**What the task asks**
The response should reproduce exactly the lines from the top of the listing below through the one that contains "Pocket Knives, Corkscrew, and", and nothing else; pictures do not belong in it.

**Input for this task**
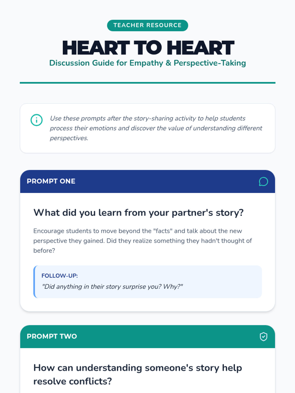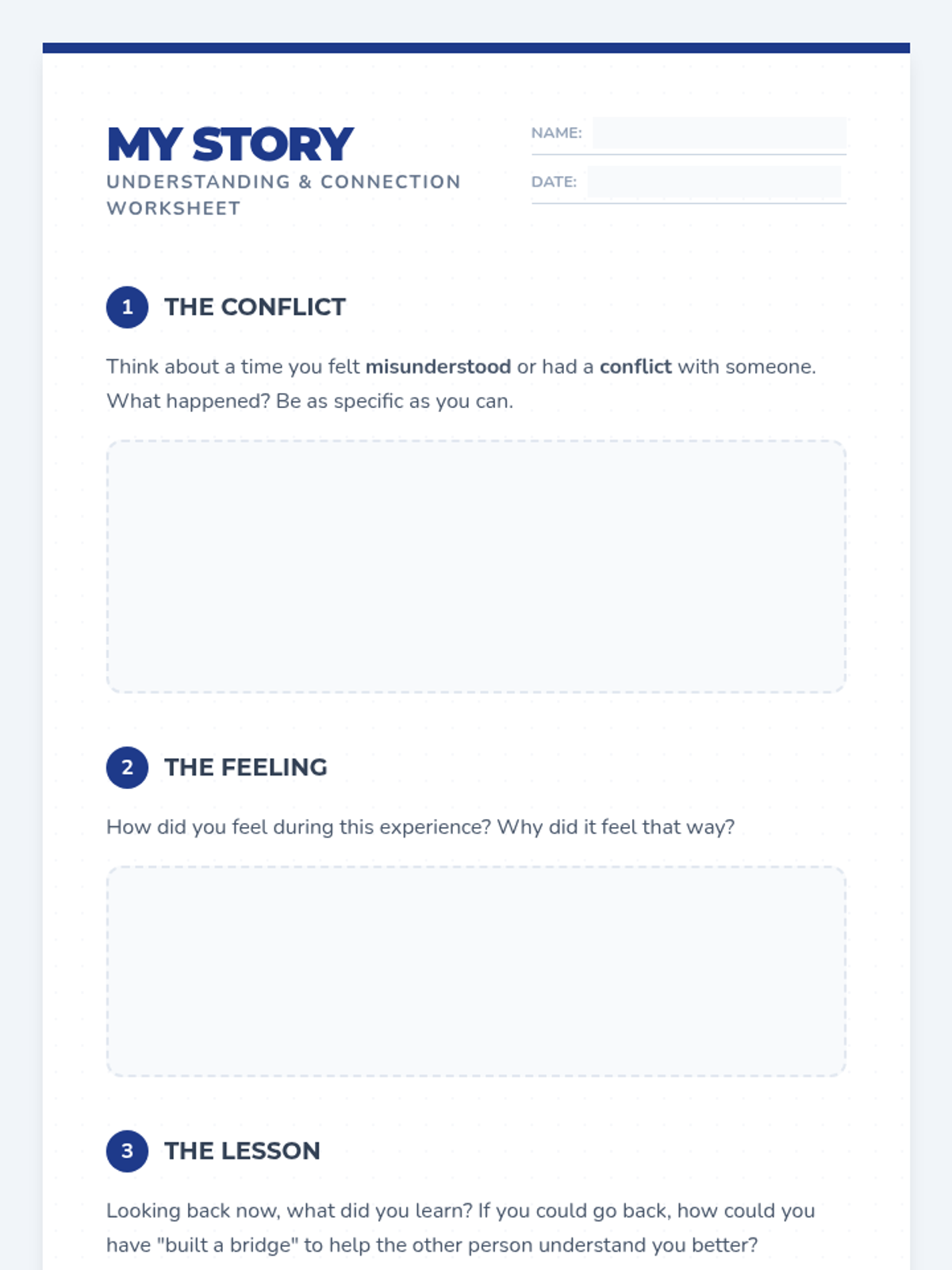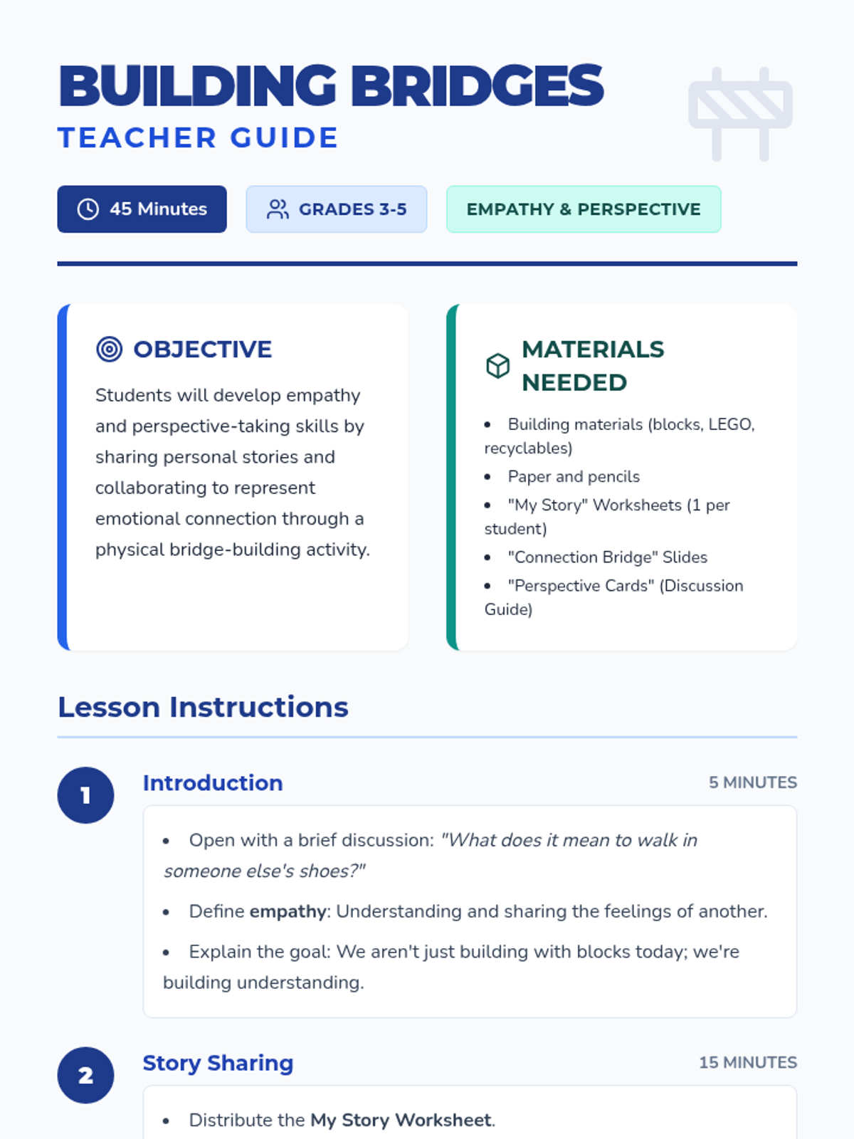 A collaborative lesson for Grades 3-5 focused on empathy and perspective-taking. Students share personal stories of being misunderstood and work together to build physical 'bridges' representing connection and mutual understanding.
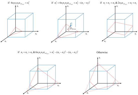 By assuming the free surface to be a piecewise linear interface, the distance between the cell center and the free surface within the cell, (see Figure 3) can be determined uniquely by using the volume fraction of the steel phase and its gradient, , given as [62]. Taking the cell center as the origin and substituting as the maximum, median, and minimum values from , five scalar conditions are obtained, as shown in Figure 3. These can be expressed as:
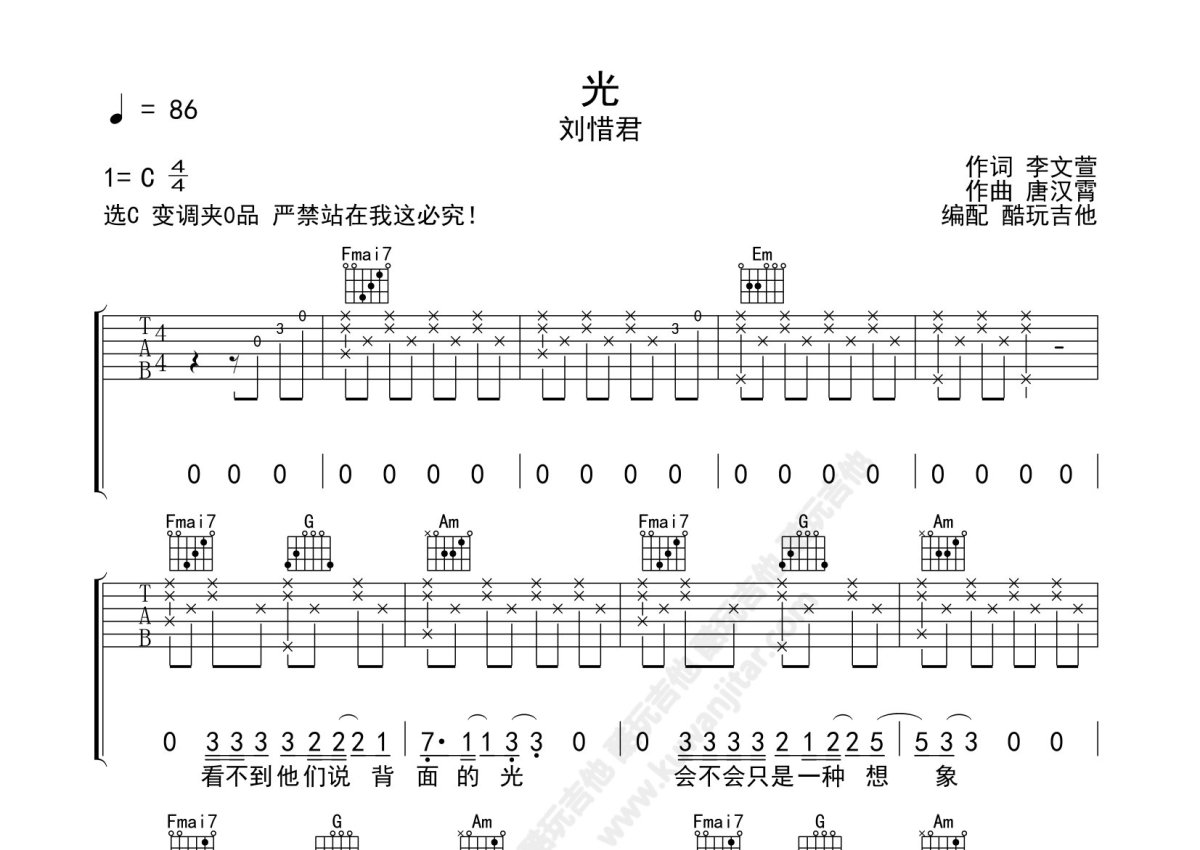 刘惜君《光》吉他谱 - C调弹唱六线谱
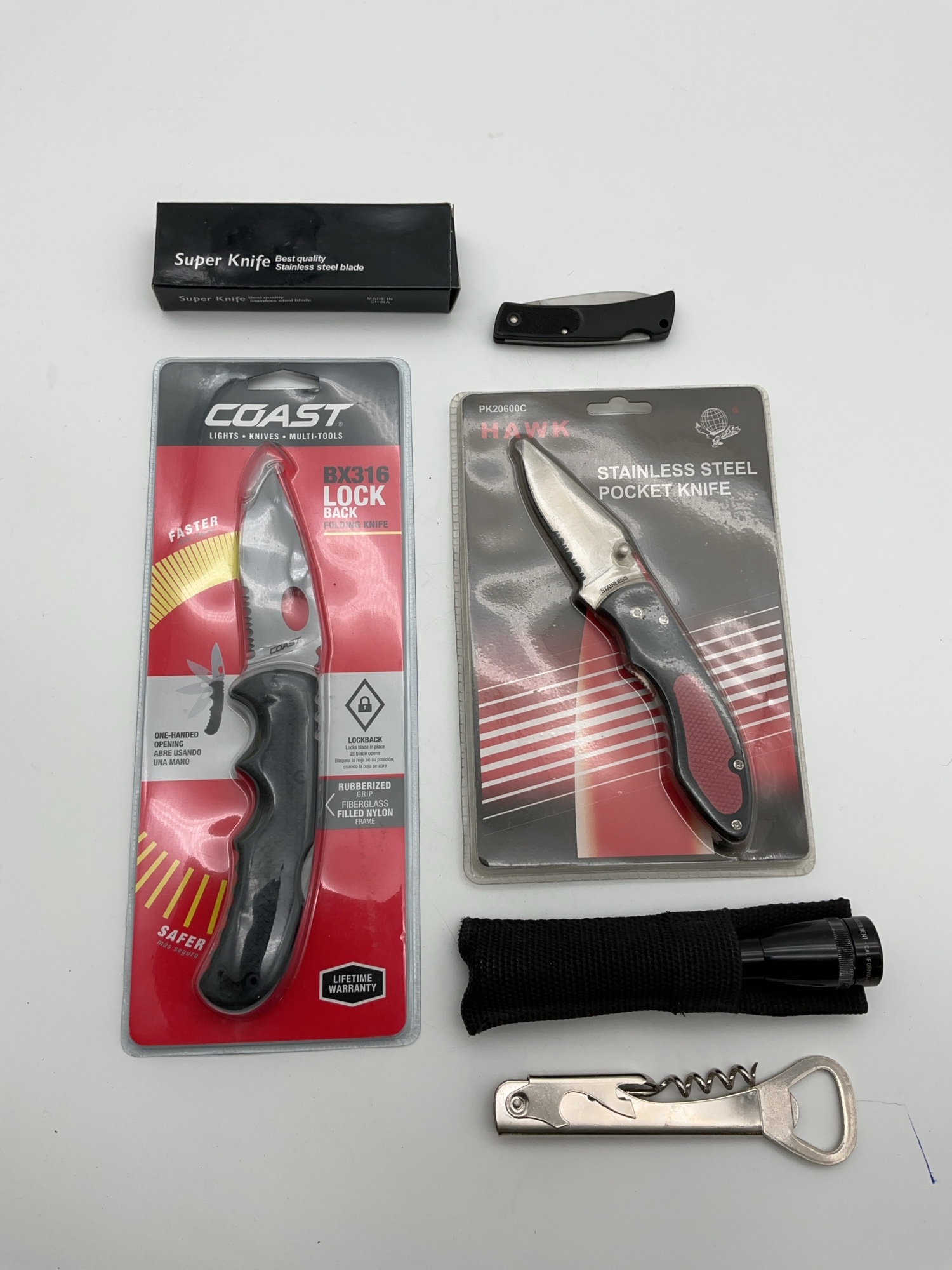 Pocket Knives, Corkscrew, and Flashlight Bundle
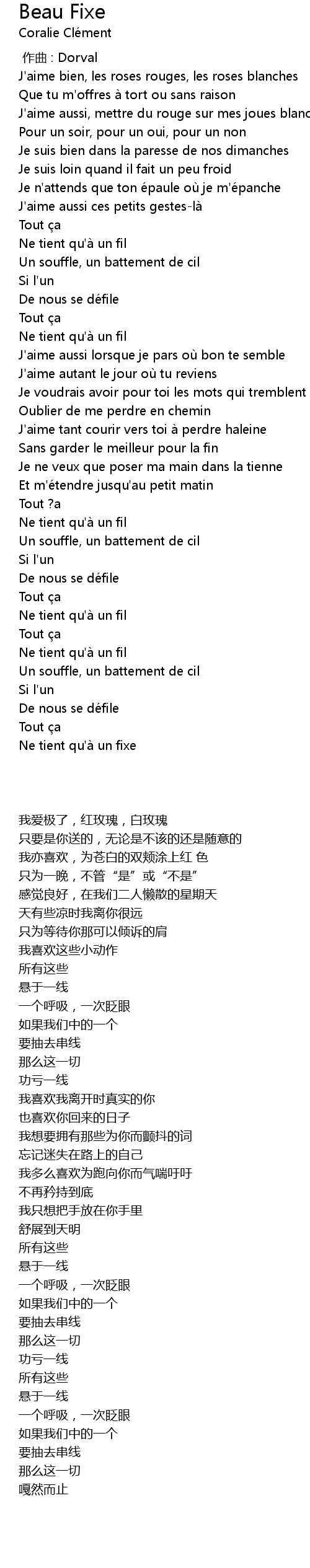 | [00:15.33] | J'aime bien, les roses rouges, les roses blanches |
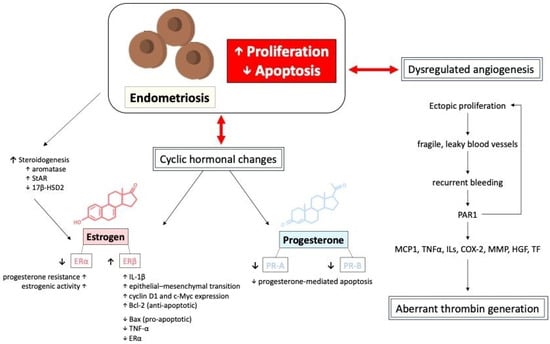 Cyclic hormonal changes in ectopic endometrial tissues and dysregulated angiogenesis, resulting in fragile, leaky blood vessels, both contribute to recurrent bleeding episodes in endometriotic lesions, potentially leading to aberrant thrombin generation. Thrombin generation from recurrent bleeding stimulates further endometriotic cell proliferation via protease-activated receptor 1 (PAR1), inducing downstream signaling expression of monocyte chemoattractant protein-1 (MCP1), tissue necrosis factor alpha (TNFα), various interleukins (IL), cyclooxygenase-2 (COX-2), matrix metalloproteinases (MMP), hepatocyte growth factor (HGF), and tissue factor (TF), potentially increasing the risk of thrombotic events [21,27,30,45,46,47,48,49,50]. Moreover, repetitive thrombin production often provokes local inflammation and fibrin aggregation, leading to aggravated adhesion formation and subsequent clinical symptoms in affected patients. The proliferation and apoptosis of endometriotic cells, mediated by the interactions of different hormones, cytokines, and tissue factors, is shown in Figure 5.
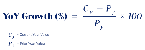Definition: Year-over-year (YoY) is a term used in finance and economics to describe the comparison of a metric for one period to the same period the previous year. The YoY comparison is a useful measure as it removes seasonality, capturing the annual change and allowing for a more apples-to-apples assessment of growth or contraction trends. By evaluating the YoY change, analysts, investors, and decision-makers can understand the trajectory of economic or business metrics and whether they are improving, stagnant, or deteriorating.
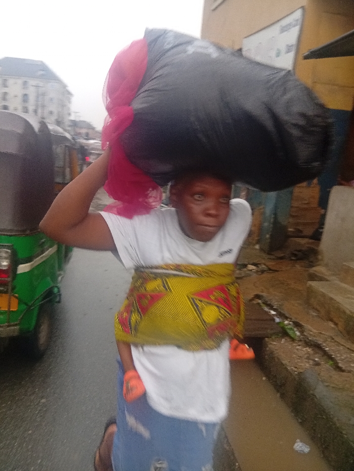 This image captures a street scene in Ura Nta Umuarandu, Nigeria. A woman is depicted walking, carrying a large black sack topped with red netting on her head. A child is secured to her back via a yellow, red, and black patterned fabric wrap; the child wears orange sandals. The woman is dressed in a white t-shirt, blue jeans, and brown sandals. A green and black Keke Napep (auto-rickshaw) is visible on the left. The asphalt street surface is wet, consistent with recent rain. In the background, multiple buildings, including a multi-story structure, are present. A concrete drainage ditch containing water and debris occupies the right foreground.

**The completed task**
 A collaborative lesson for Grades 3-5 focused on empathy and perspective-taking. Students share personal stories of being misunderstood and work together to build physical 'bridges' representing connection and mutual understanding.
 By assuming the free surface to be a piecewise linear interface, the distance between the cell center and the free surface within the cell, (see Figure 3) can be determined uniquely by using the volume fraction of the steel phase and its gradient, , given as [62]. Taking the cell center as the origin and substituting as the maximum, median, and minimum values from , five scalar conditions are obtained, as shown in Figure 3. These can be expressed as:
 刘惜君《光》吉他谱 - C调弹唱六线谱
 Pocket Knives, Corkscrew, and Flashlight Bundle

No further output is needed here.